**Extracted information:**
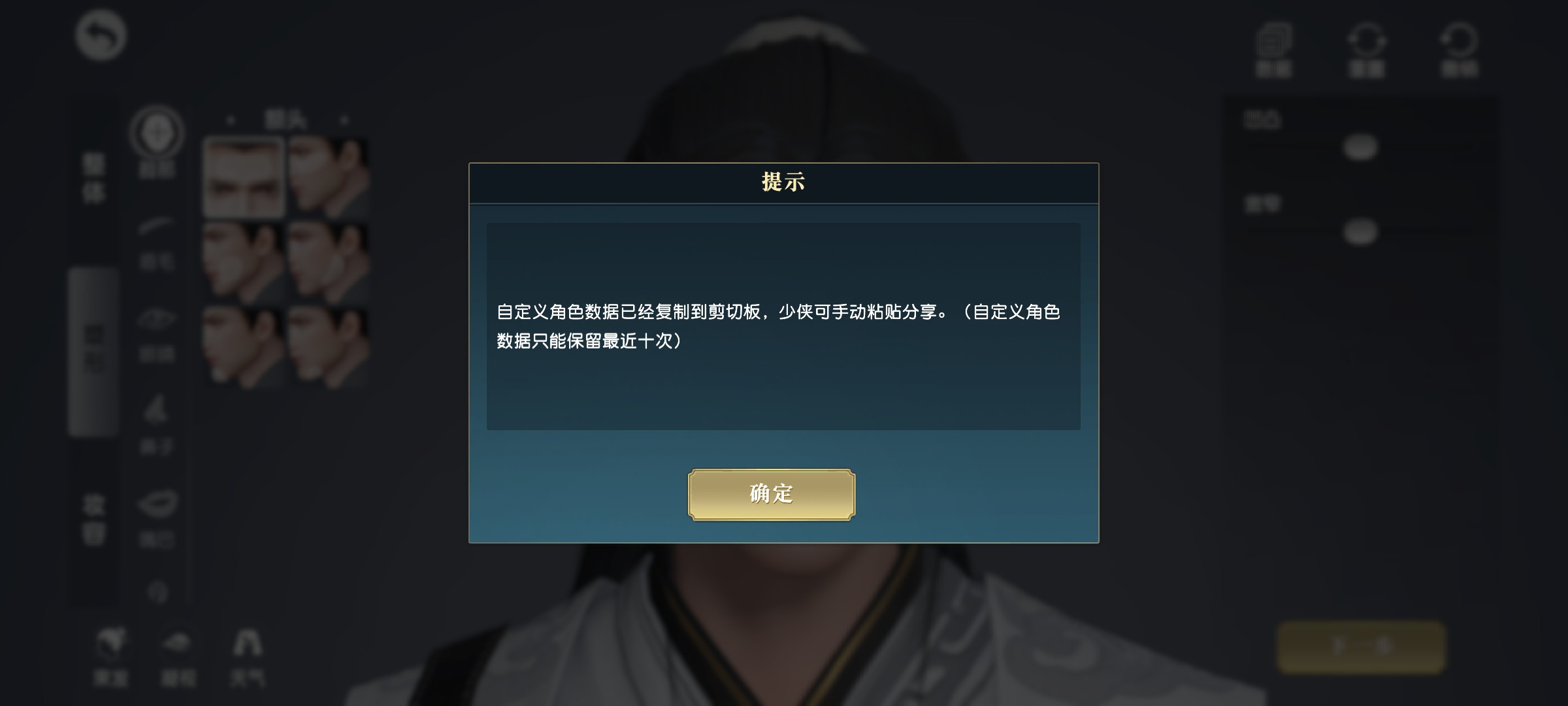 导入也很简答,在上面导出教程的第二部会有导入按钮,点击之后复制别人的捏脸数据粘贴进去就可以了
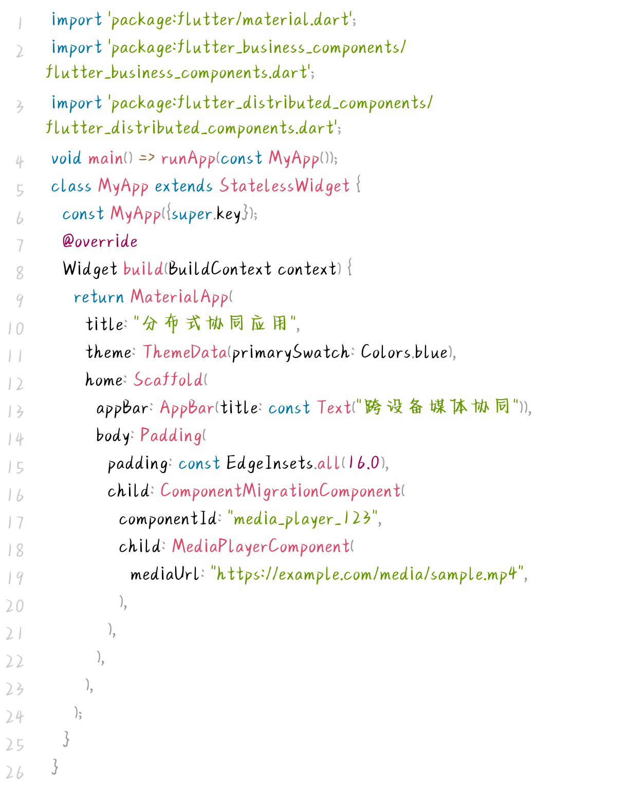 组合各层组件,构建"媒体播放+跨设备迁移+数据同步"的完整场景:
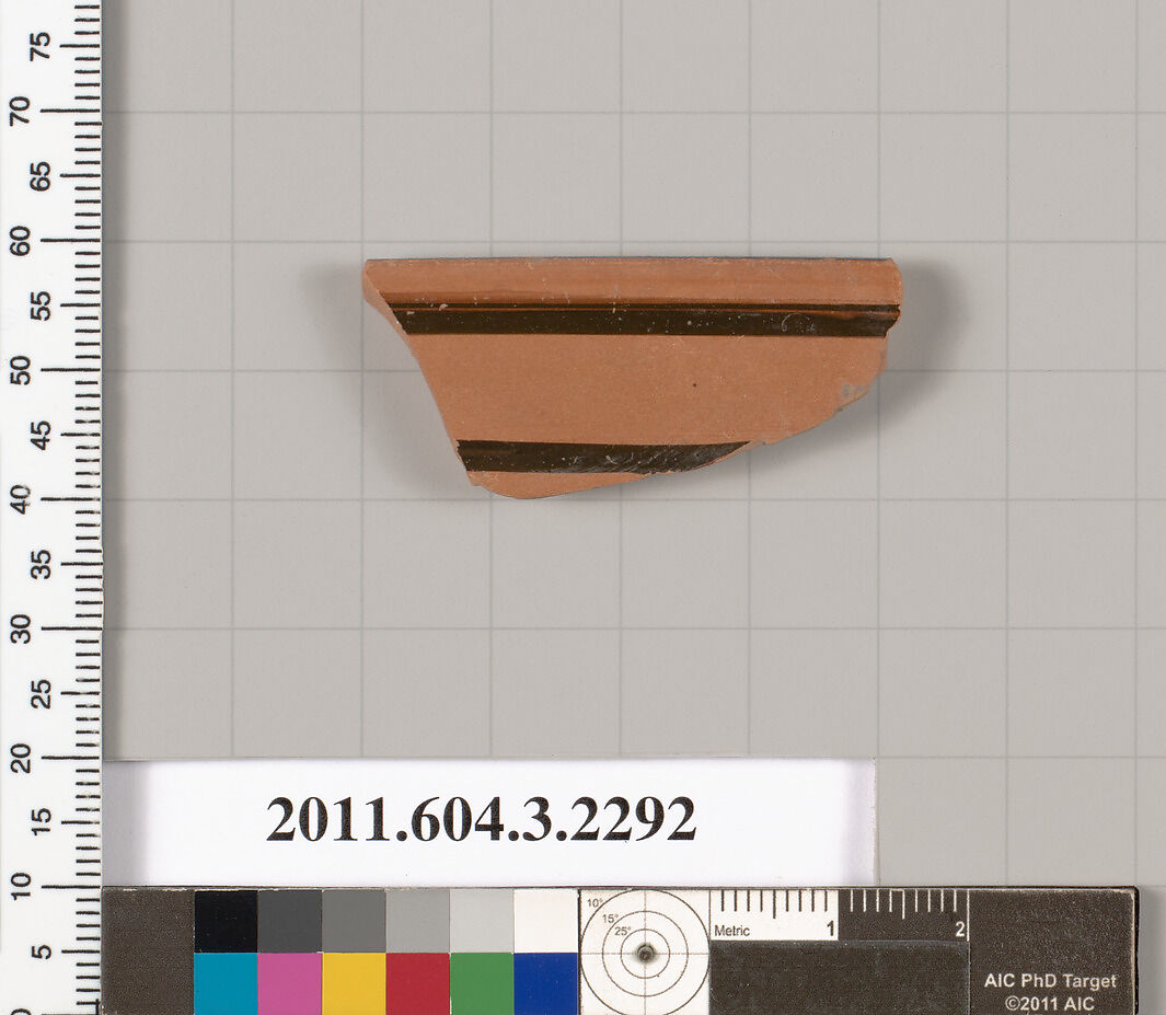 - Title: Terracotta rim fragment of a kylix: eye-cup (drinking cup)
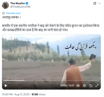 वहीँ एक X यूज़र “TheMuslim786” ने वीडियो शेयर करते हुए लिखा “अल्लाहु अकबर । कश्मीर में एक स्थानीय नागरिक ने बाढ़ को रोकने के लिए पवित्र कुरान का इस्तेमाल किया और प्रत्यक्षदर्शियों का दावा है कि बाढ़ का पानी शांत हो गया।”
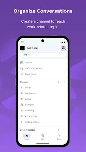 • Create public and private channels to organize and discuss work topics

**What you should do:** Where the data includes pictures, leave them out and write out everything else exactly.

**Task output:**
 导入也很简答,在上面导出教程的第二部会有导入按钮,点击之后复制别人的捏脸数据粘贴进去就可以了
 组合各层组件,构建"媒体播放+跨设备迁移+数据同步"的完整场景:
 - Title: Terracotta rim fragment of a kylix: eye-cup (drinking cup)
 वहीँ एक X यूज़र “TheMuslim786” ने वीडियो शेयर करते हुए लिखा “अल्लाहु अकबर । कश्मीर में एक स्थानीय नागरिक ने बाढ़ को रोकने के लिए पवित्र कुरान का इस्तेमाल किया और प्रत्यक्षदर्शियों का दावा है कि बाढ़ का पानी शांत हो गया।”
 • Create public and private channels to organize and discuss work topics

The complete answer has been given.